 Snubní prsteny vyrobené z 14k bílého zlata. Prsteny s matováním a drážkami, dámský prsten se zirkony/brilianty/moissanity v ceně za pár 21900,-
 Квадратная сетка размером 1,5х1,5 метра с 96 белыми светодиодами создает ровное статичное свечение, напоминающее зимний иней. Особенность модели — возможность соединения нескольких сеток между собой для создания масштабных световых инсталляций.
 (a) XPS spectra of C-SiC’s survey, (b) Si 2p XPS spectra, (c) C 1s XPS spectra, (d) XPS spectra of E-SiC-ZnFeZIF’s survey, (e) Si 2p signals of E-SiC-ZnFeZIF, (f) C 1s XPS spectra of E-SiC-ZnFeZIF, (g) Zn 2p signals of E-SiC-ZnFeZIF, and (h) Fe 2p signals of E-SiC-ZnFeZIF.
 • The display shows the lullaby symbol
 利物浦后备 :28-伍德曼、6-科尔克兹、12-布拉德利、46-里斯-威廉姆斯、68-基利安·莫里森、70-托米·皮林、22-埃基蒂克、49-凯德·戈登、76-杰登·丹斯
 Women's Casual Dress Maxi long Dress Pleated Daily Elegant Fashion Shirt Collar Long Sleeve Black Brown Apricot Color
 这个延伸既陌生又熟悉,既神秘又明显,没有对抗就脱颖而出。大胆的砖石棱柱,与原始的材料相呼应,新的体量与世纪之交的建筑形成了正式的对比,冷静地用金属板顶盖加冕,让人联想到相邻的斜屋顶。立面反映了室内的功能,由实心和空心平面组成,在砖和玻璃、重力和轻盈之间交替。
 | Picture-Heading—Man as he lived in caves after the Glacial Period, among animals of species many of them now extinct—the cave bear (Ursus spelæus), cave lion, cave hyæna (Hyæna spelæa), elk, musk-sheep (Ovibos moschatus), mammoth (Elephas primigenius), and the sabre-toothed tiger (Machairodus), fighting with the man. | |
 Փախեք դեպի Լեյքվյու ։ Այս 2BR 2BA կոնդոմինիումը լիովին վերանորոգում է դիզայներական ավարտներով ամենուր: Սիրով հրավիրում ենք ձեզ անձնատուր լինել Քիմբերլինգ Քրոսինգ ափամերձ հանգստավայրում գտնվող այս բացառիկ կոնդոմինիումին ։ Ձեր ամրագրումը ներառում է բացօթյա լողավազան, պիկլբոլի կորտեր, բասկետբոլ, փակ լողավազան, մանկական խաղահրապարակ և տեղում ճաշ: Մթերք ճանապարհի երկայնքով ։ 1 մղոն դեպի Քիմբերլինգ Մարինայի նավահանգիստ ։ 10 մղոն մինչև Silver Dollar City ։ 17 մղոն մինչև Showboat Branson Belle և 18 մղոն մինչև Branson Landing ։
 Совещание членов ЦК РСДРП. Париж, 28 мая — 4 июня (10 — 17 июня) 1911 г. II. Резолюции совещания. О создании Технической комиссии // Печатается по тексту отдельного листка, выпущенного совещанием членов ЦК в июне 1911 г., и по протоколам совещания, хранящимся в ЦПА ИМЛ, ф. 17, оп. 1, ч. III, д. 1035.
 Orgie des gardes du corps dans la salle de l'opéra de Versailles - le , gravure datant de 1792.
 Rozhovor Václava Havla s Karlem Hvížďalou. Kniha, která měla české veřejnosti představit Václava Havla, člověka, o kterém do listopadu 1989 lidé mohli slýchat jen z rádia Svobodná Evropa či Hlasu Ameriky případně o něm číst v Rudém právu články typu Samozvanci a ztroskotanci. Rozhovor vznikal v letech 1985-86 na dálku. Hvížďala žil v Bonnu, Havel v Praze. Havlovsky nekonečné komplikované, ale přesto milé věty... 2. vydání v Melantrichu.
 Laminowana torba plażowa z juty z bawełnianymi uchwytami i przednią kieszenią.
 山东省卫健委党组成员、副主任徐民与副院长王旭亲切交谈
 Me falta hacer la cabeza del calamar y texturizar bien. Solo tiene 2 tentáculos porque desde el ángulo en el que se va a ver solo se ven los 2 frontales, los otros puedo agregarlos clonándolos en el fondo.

* * *

◆ TASK STATEMENT: The line containing "山东省卫健委党组成员、副主任徐民与副院长王旭亲切交谈" and every line after it, through the end of the records above: output exactly those, and nothing else.

◆ COMPLETED TASK:
 山东省卫健委党组成员、副主任徐民与副院长王旭亲切交谈
 Me falta hacer la cabeza del calamar y texturizar bien. Solo tiene 2 tentáculos porque desde el ángulo en el que se va a ver solo se ven los 2 frontales, los otros puedo agregarlos clonándolos en el fondo.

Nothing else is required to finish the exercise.